Gabriel Jesus, da “pittore” a quadro

San Paolo ieri, San Paolo oggi. I luoghi sono gli stessi, periferici, ma ad appena quattro anni di distanza la vita di Gabriel Jesus è cambiata completamente. Nel 2014 aveva un pennello in mano (la foto la postò lui stesso su Twitter), ed era un ragazzino che aiutava a dipingere le strade della città in vista del Mondiale. Colori? Verde e oro, ovvio, scalzo, e sognando un giorno di essere in campo con gli idoli di quella Coppa giocata in casa. Quattro anni dopo lui è ancora lì, per le periferie di San Paolo, ma questa volta con un enorme murale che lo raffigura. In Russia, invece, è direttamente in campo, titolare nel primo pareggio contro la Svizzera. Inseguendo un gol per continuare a realizzare il suo sogno. 

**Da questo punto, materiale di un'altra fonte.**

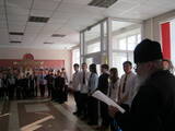 Также священник поздравил школьников с Днем православной молодежи, зачитал Патриаршее послание, адресованное православной молодежи, и вручил всем присутствующим сретенские свечи.

Firmino, il bomber bloccato dai controlli sull’immigrazione

Brasile-Svizzera, minuto numero 79: fuori proprio Gabriel Jesus, dentro Roberto Firmino, anche lui al debutto Mondiale, e anche lui con le difficoltà lasciate alle spalle. "Quando ero un bambino i miei genitori non volevano che giocassi a calcio - riporta Marca - volevano che studiassi e a volte mi chiudevano in casa, ma io se scavalcavo un muro sul retro e scappavo”. Dunque la svolta nella sua vita con Marcellus Portella, un dentista, che lo scova in una partita da ragazzino e decide di diventare l’agente. Il primo step in un provino con l’Olympique Marsiglia, dove però all’altezza di Madrid viene fermato per dei controlli sull’immigrazione, e rispedito a casa. Sogno finito? Mai. Firmino ripartirà dalla Figueirense, poi Hoffenheim. Dunque Liverpool e il Mondiale.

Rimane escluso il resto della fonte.